37. Use according to Claim 36 wherein the administration results in at least 30% reduction in patient-to-patient variability in the bioavailability of the vitamin D analogue when compared to oral administration.

38. Use according to any of Claims 35 to 37 wherein the disease is selected from an autoimmune diseases, neurological diseases, proliferative disorders, and bone diseases.

39. Use according to Claim 38 wherein the autoimmune disease is multiple sclerosis, inflammatory bowel disease, AIDS, or arthritis.

40. Use according to Claim 38 wherein the neurological disease is fatigue or cerebral palsy.

41. Use according to Claim 38 wherein proliferative disorder is a cancer.

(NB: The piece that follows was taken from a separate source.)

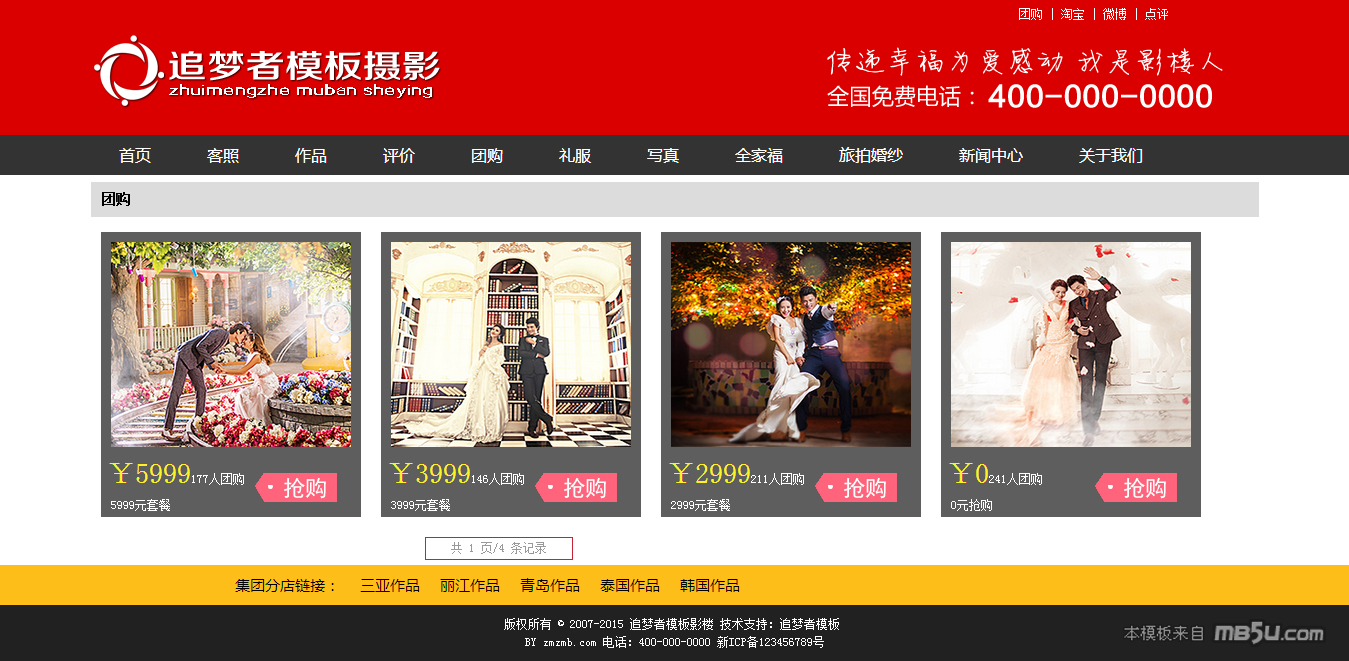 織夢(mèng)高端婚紗/影樓/攝影工作室網(wǎng)站模板 帶手機(jī)WAP站 同步PC站數(shù)據(jù)

42. Use according to Claim 41 wherein the cancer is selected from ovarian cancer, breast cancer, prostate cancer, lung cancer or bladder cancer.

43. Use according to Claim 38 wherein the bone disease is osteoporosis, Paget's disease, or bone metastases disease.

44. A method of low volume sublingual dosing of a vitamin D analogue at doses greater than 1 micrograms for the treatment or prophylaxis of diseases susceptible to treatment or prophylaxis with a vitamin D analogue.

45. A method according to Claim 44 wherein the dose is administered in a volume of between 1 μl and 100 μl.

46. A method according to Claim 45 wherein the dose is administered in a volume of between 15 μl and 50 μl.

47. A method according to Claim 46 wherein the dose is administered in a volume of between 20 μl and 30 μl.

48. A method according to Claim 47 wherein the dose is administered in a volume of about 25 μl.

49. A method of treatment or propylaxis of a disease susceptible to treatment or prophylaxis with a vitamin D analogue comprising administering a dosage form as defined in any of Claims 1 to 22.